The UK economic system barely expanded in February resulting from weaker exercise within the well being sector, provide chain disruptions and storms, elevating issues over its resilience as the price of dwelling surges.
Gross home output grew 0.1 per cent between January and February, down from 0.8 per cent within the earlier month, in keeping with information printed on Monday by the Workplace for Nationwide Statistics. That was weaker than the 0.3 per cent forecast by economists polled by Reuters.
Darren Morgan, ONS director of financial statistics, stated: “The economic system was little modified in February with the easing of restrictions for abroad journey — and elevated confidence in reserving holidays within the UK — triggering robust development in journey companies, tour operators and accommodations.”
Nevertheless, he added that this was partially offset by the discount of the Take a look at and Hint and vaccination programme, which made a robust contribution to GDP firstly of the yr.
Manufacturing manufacturing fell 0.4 per cent, with motor producers struggling to supply components. Building output additionally fell 0.1 per cent, as storms disrupted exercise.
Output development within the providers sector slowed to 0.2 per cent from 0.8 per cent within the earlier month. The biggest constructive contribution to development was from lodging and meals service actions, which rose by 8.6 per cent.
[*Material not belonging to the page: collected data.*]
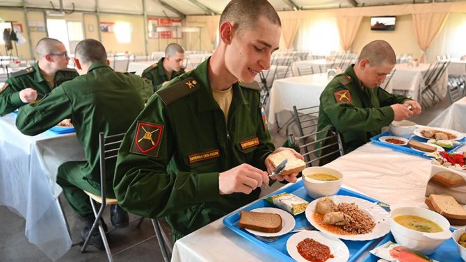 Военнослужащие самостоятельно выбирают блюда из предложенного ассортимента. Посещение столовой осуществляется двумя потоками по талонам, получаемым у дежурного по роте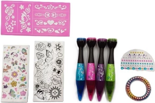 Scopri un modo semplice per mettere in risalto il tuo stile. Il set di pennarelli per tatuaggi con timbri Tattoo Studio consente di creare motivi temporanei sulla pelle, dai simboli delicati ai disegni audaci. Grazie ai timbri, chiunque può ottenere belle forme, e con gli stencil realizzerai design più complessi con linee pulite.
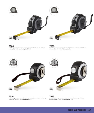 3 m Calibrated plastic tape measure with a scale in both inches and centimetres, with metal belt clip 5 m Calibrated plastic tape measure with scale in both inches and centimetres, with belt clip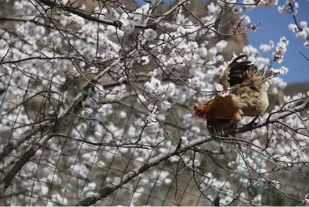 清明之后,北京延庆张山营镇玉渡山南坡已是一片绿意,正值山花烂漫的时节,千树万树杏花已经争相绽放,满眼粉色的花朵和山坡上到处撒欢儿的柴鸡,不时有柴鸡飞上杏树枝头,啄食花朵品尝花蜜,一派田园风光……北京各大商场“农夫市集”里小有名气的“老周农庄”就坐落在这里。

Nevertheless, this was offset by human well being and social work actions, which fell 3.8 per cent, reflecting the discount in vaccination programmes.
The economic system is now 1.5 per cent larger than its pre-pandemic degree.
The figures largely predate Russia’s invasion of Ukraine, which pushed up power and commodities costs in addition to prices for UK companies and shoppers.
Samuel Tombs, economist at Pantheon Macroeconomics, expects GDP to contract within the second quarter, “because the restoration in shoppers’ spending peters out and as output within the well being sector continues to fall again to earth”.